Accordingly, the Company intends to recoup such $44,300 directly from the
Employee's 401(k) account.
|
|
·
|
With
respect to the Company's profit-sharing plan, the Company has determined
that the Employee diverted to his account a total of $3,600 credited to
the account of an employee whose employment had terminated and who
therefore was about to forfeit his profit-sharing interest. The Employee
has not withdrawn any funds in his profit-sharing account. The Company
intends to recoup such $3,600 directly from the Employee's profit-sharing
account.
|
The
review by the Company's internal accounting personnel is substantially complete.
The Company's forensic accounting firm is in the process of performing an email
search designed to ascertain whether there is any evidence that the Employee's
actions extended beyond his own personal accounts or whether other employees
were directly involved in such actions. To date, the Company has not discovered
any evidence that suggests that the fraudulent practices identified pursuant to
the internal investigation extended beyond the Employee's personal accounts or
directly involved Company personnel other than the Employee.
21
Item
2. Management’s Discussion and Analysis of Financial Condition
and Results of Operations
The
Company’s quarterly and annual operating results are impacted by a wide variety
of factors that could materially and adversely affect revenues and
profitability, including the risk factors described in the Company's Annual
Report on Form 10-K for the year ended December 31, 2008. As a result of these
and other factors, the Company may experience material fluctuations in future
operating results on a quarterly or annual basis, which could materially and
adversely affect its business, financial condition, operating results, and stock
prices.
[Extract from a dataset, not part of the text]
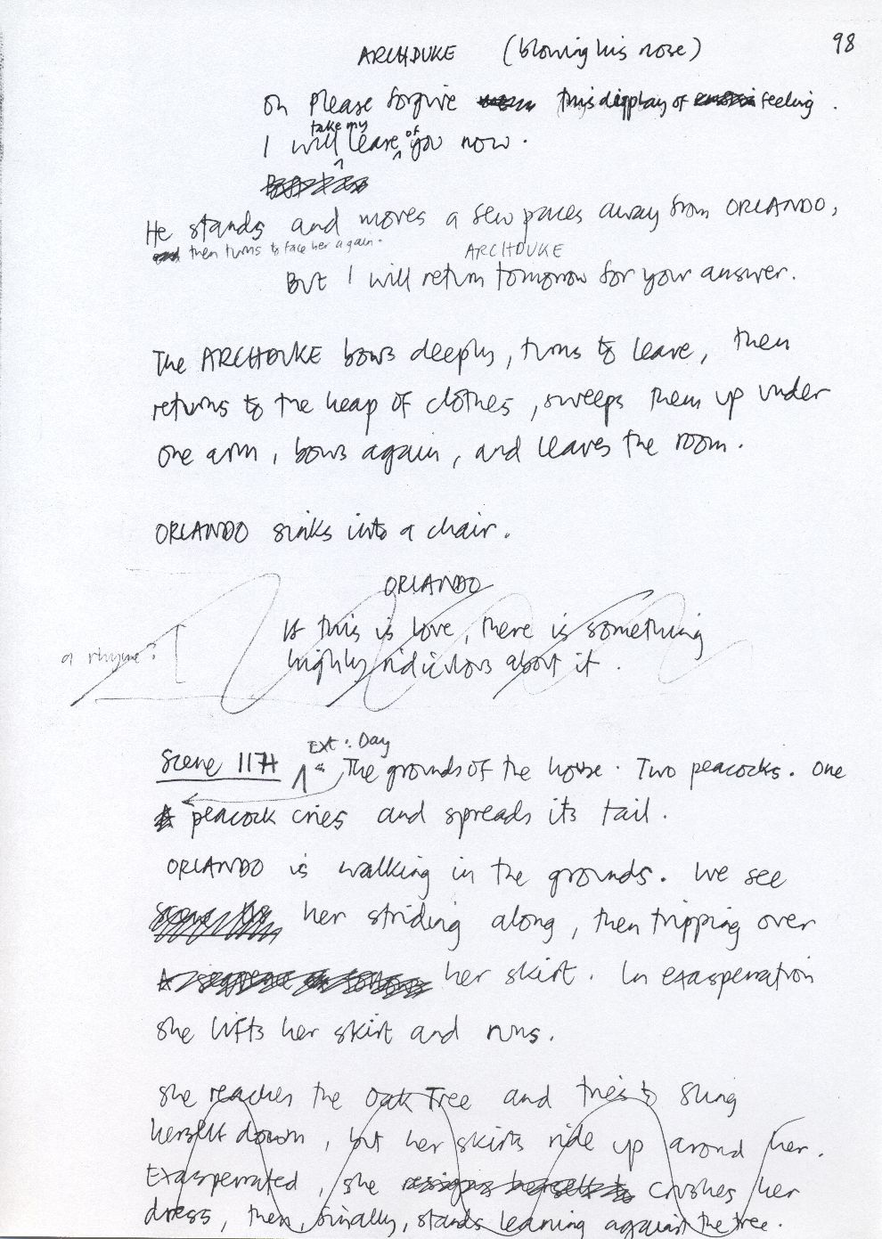 Description Page 98 of rough draft of scene 114. Hand written in black ink with pen annotations.

Furthermore, this document and other documents filed by the
Company with the Securities and Exchange Commission (the “SEC”) contain certain
forward-looking statements under the Private Securities Litigation Reform Act of
1995 (“Forward-Looking Statements”) with respect to the business of the
Company. These Forward-Looking Statements are subject to certain
risks and uncertainties, including those detailed in Item 1A of the Company’s
Annual Report on Form 10-K for the year ended December 31, 2008, which could
cause actual results to differ materially from these Forward-Looking
Statements. The Company undertakes no obligation to publicly release
the results of any revisions to these Forward-Looking Statements which may be
necessary to reflect events or circumstances after the date such statements are
made or to reflect the occurrence of unanticipated events. An
investment in the Company involves various risks, including those which are
detailed from time to time in the Company’s SEC filings.
Overview
Our
Company
Bel is a
leading producer of electronic products that help make global connectivity a
reality. The Company designs, manufactures and markets a broad array of
magnetics, modules (including power conversion and integrated modules), circuit
protection devices and interconnect products. While these products
are deployed primarily in the computer, networking and telecommunication
industries, Bel’s expanding portfolio of products also finds application in the
automotive, medical and consumer electronics markets. Bel's
products are designed to protect, regulate, connect, isolate or manage a variety
of electronic circuits.
Bel’s
business is operated through three geographic segments: North
America, Asia and Europe. During the three months ended March 31,
2009, 67% of the Company’s revenues were derived from Asia, 23% from North
America and 10% from its Europe operating segment. Sales of the
Company’s magnetic products represented approximately 45% of the Company’s total
net sales for the three months ended March 31, 2009. These sales are
primarily driven by working closely with the Company’s customers’ engineering
staffs and aligning them with industry standards committees and various
integrated circuit (IC) manufacturers. The remaining revenues related
to sales of the Company’s modules products (33%), interconnect products (17%)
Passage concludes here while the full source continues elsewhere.